Why you should never use WooCommerce

Lessons from a year building an ecommerce startup with the wrong tools

It has been a long year. We started a marketplace-type ecommerce site. For a variety of reasons, we decided to go with WooCommerce. As it turns out, it was a pretty big mistake, both from a technology and business perspective.

WooCommerce was written and is maintained by open-source contributors, and backed by a company that specializes in building blog services. Open source is a really amazing phenomenon, because people who solve problems for themselves open up that code to the world, free to be used by anyone else with similar problems.

WooCommerce lacks a basic understanding of how orders & ecommerce work:

  • SKU generation tool allows you to have duplicate SKUs, and doesn’t bother generating SKUs for variations.
  • It allows phantom variations, like {any size}, {any color}. A SKU needs to be explicitly defined, so you couldn’t possibly assign a SKU to a yet-unknown combination of attributes.
  • Order numbering should always be sequential. You shouldn’t have to hack this functionality via a plugin.
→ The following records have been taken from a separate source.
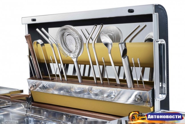 Интересное пополнение в продуктовой линейке Rolls-Royce — компания подготовила лимитированную серию наборов для приготовления коктейлей. Таких будет всего 15 штук и каждый, думаем, обойдется не дешевле какой-нибудь бюджетной иномарки.Да, цена пока не объявлена, но спецнабор буквально кричит о “Роллс”-прайсе всем своим видом — вы только зацените отделку металлом и деревом вкупе с брендированной посудой. Придумала это все дизайнер подразделения Rolls-Royce Accessories Сина Мария Эггл при поддержке спецов британской фирмы Dorchester Collection London Hotels.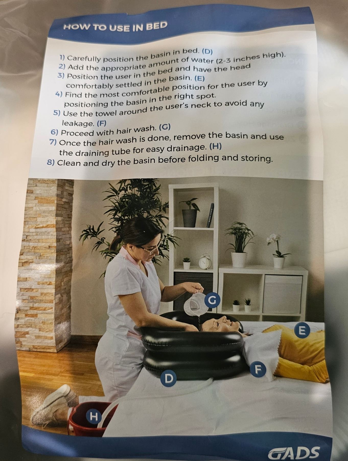 Gads Inflatable Hair Washing Basin, Great For Elderly, Bedridden, Post Surgery, Includes Basin, Towel, Comb, And Carry Pouch, Brand New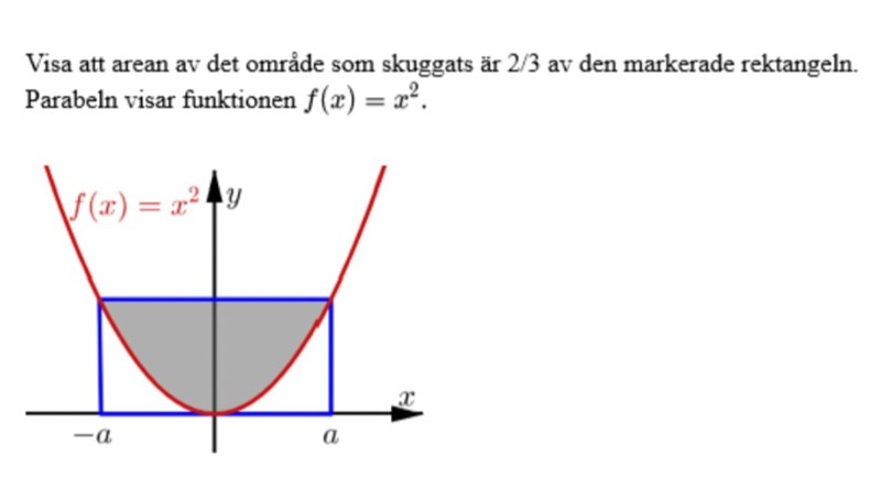 Andragradskurvan f(x)=x2, vilket vi vet sedan tidigare. Funktionen vi ska integrera i intervallet [-a, a] blir då . Då blir integralen som jag skrev ovan.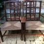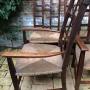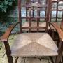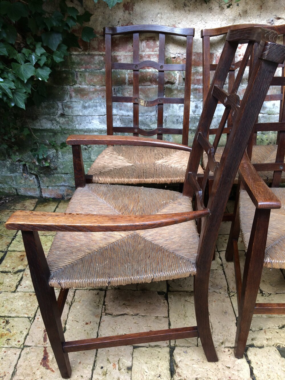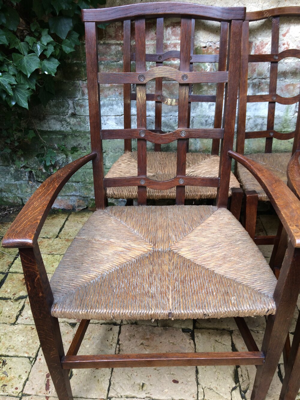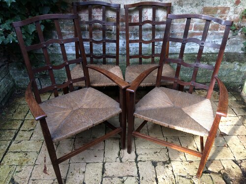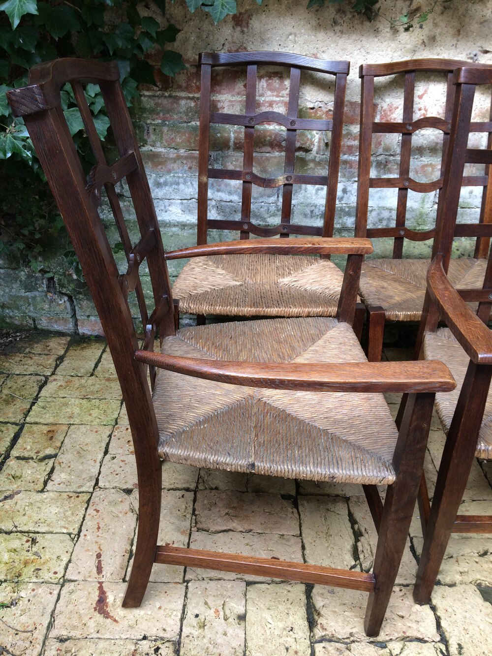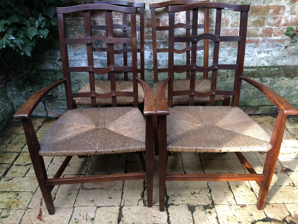 A set of four Cotswold school lattice back oak chairs. The rush seats are in good order however one dining chair needs re-gluing, the other three are solid. Please feel free to get in touch with any enquiries or more detailed images.Dimensions

Most countries require invoices to be sequentially numbered, why would order numbers be any different.
  • No basic functionality to add tracking numbers to orders, or to mark specific line items as fulfilled.

Not only that, since everything in WooCommerce is stored in the wp_postmeta table as keys & values, it’s impossible to search, and painfully slow.

By contrast, Shopify’s API reveals how much thought the Shopify team has put into thinking about how commerce works and modeling that in code.